## PROVIDED MATERIAL
....
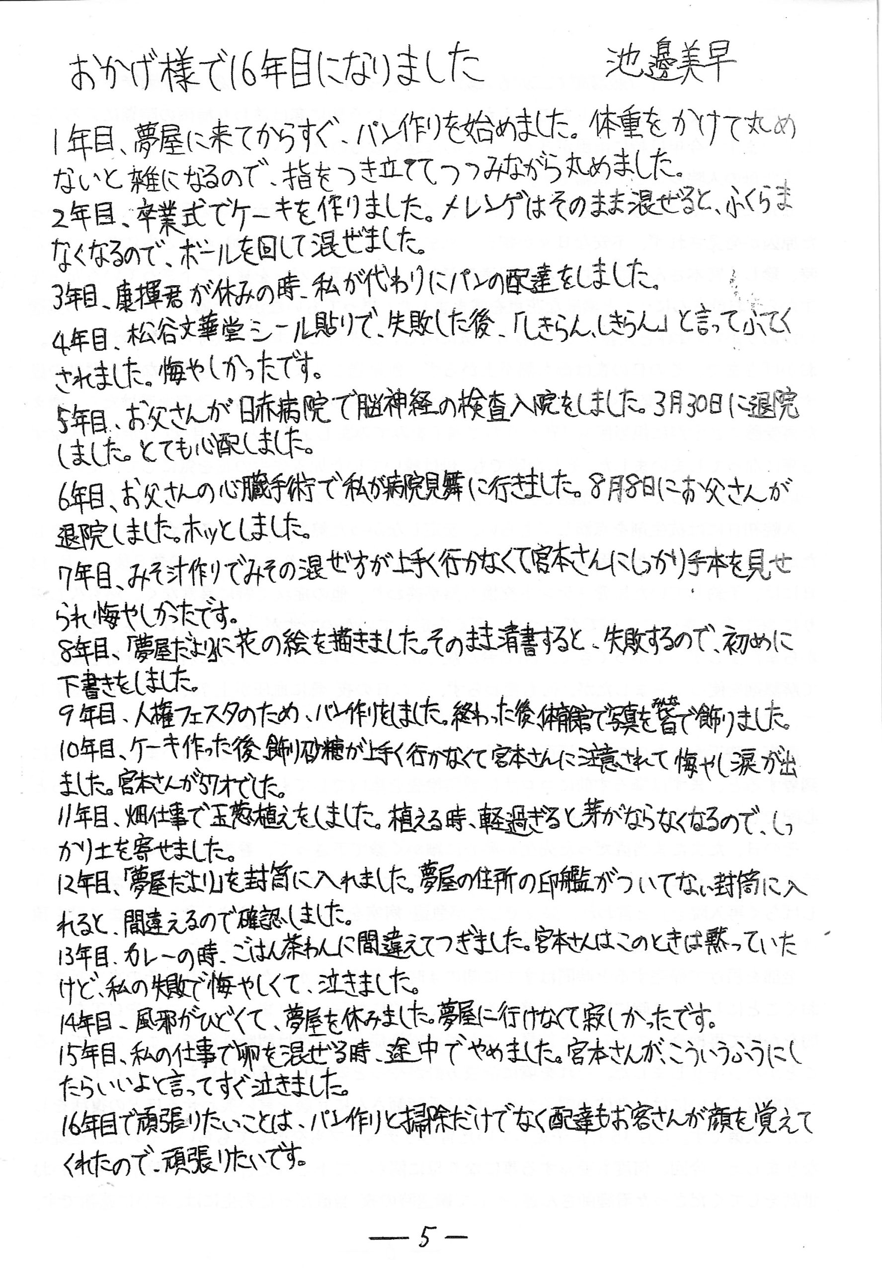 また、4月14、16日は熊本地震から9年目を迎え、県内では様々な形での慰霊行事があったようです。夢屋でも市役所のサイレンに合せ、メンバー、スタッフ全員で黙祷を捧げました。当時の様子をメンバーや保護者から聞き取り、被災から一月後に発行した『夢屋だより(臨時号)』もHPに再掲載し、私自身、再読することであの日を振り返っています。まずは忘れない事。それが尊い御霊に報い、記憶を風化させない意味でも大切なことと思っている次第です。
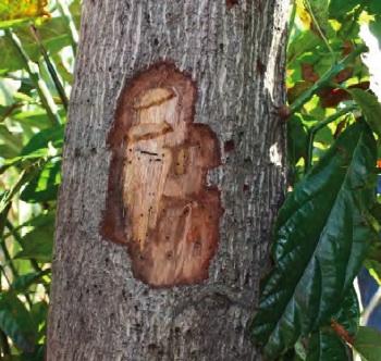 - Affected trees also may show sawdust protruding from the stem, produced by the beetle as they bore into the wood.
....
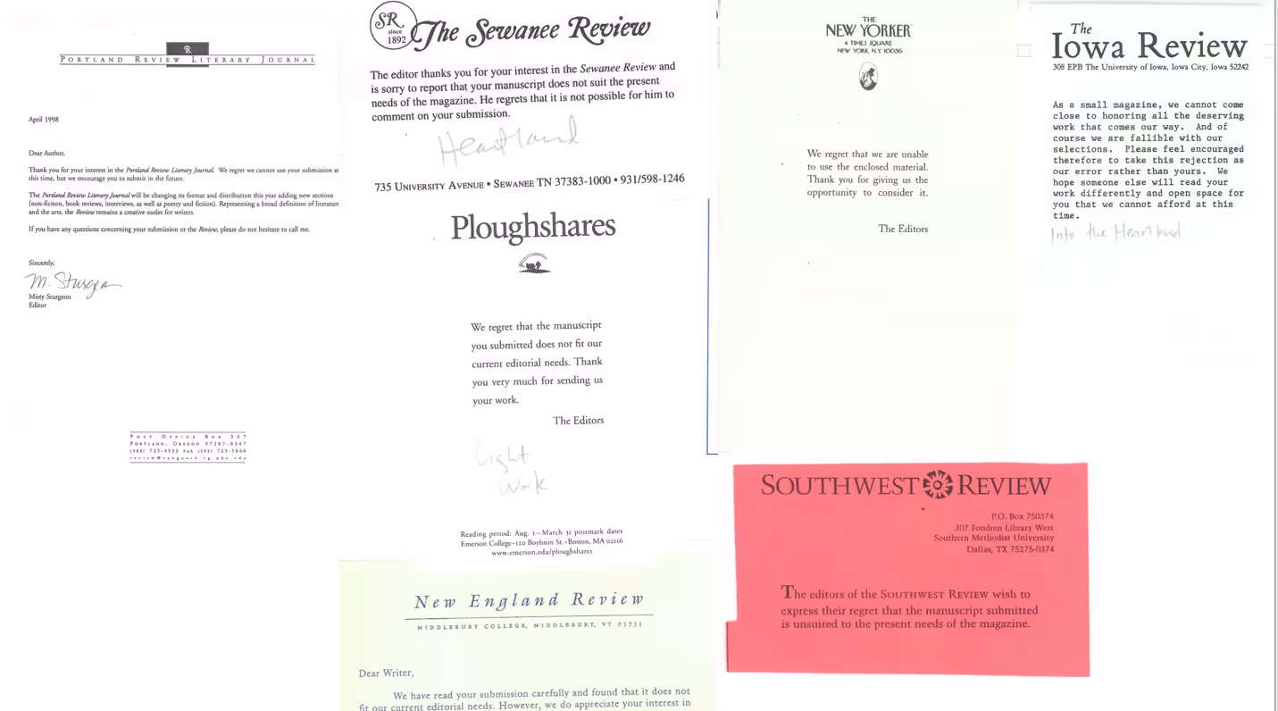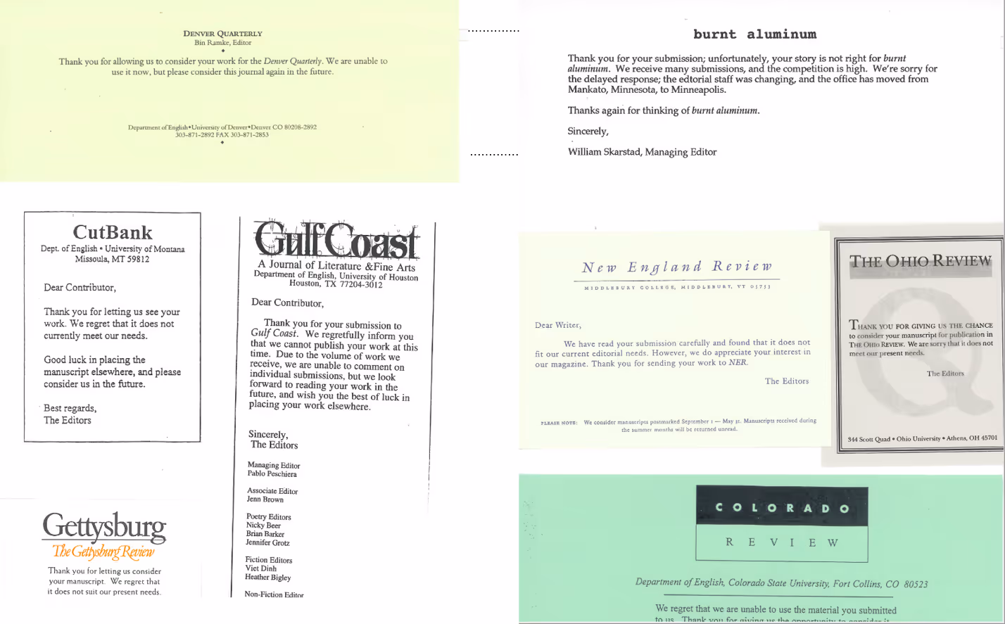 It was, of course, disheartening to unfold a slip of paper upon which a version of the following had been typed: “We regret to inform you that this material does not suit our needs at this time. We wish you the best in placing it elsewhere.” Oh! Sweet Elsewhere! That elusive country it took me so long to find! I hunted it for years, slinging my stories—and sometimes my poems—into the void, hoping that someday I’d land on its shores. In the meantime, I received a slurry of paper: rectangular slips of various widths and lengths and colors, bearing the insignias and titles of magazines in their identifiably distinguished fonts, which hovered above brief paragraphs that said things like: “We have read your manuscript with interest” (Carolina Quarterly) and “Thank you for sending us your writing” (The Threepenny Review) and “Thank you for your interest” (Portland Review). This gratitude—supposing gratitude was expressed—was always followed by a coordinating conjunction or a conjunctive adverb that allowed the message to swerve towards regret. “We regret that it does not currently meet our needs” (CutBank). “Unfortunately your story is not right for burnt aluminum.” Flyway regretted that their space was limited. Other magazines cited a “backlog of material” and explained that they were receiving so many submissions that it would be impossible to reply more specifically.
....
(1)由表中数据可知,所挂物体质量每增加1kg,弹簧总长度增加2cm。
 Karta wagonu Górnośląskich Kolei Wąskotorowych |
....
## TASK DIRECTIONS
Copy everything above from the line holding "また、4月14、16日は熊本" down to the line holding "- Affected trees", both ends included, exactly as it stands and without the pictures.

## COMPLETED TASK
 また、4月14、16日は熊本地震から9年目を迎え、県内では様々な形での慰霊行事があったようです。夢屋でも市役所のサイレンに合せ、メンバー、スタッフ全員で黙祷を捧げました。当時の様子をメンバーや保護者から聞き取り、被災から一月後に発行した『夢屋だより(臨時号)』もHPに再掲載し、私自身、再読することであの日を振り返っています。まずは忘れない事。それが尊い御霊に報い、記憶を風化させない意味でも大切なことと思っている次第です。
 - Affected trees also may show sawdust protruding from the stem, produced by the beetle as they bore into the wood.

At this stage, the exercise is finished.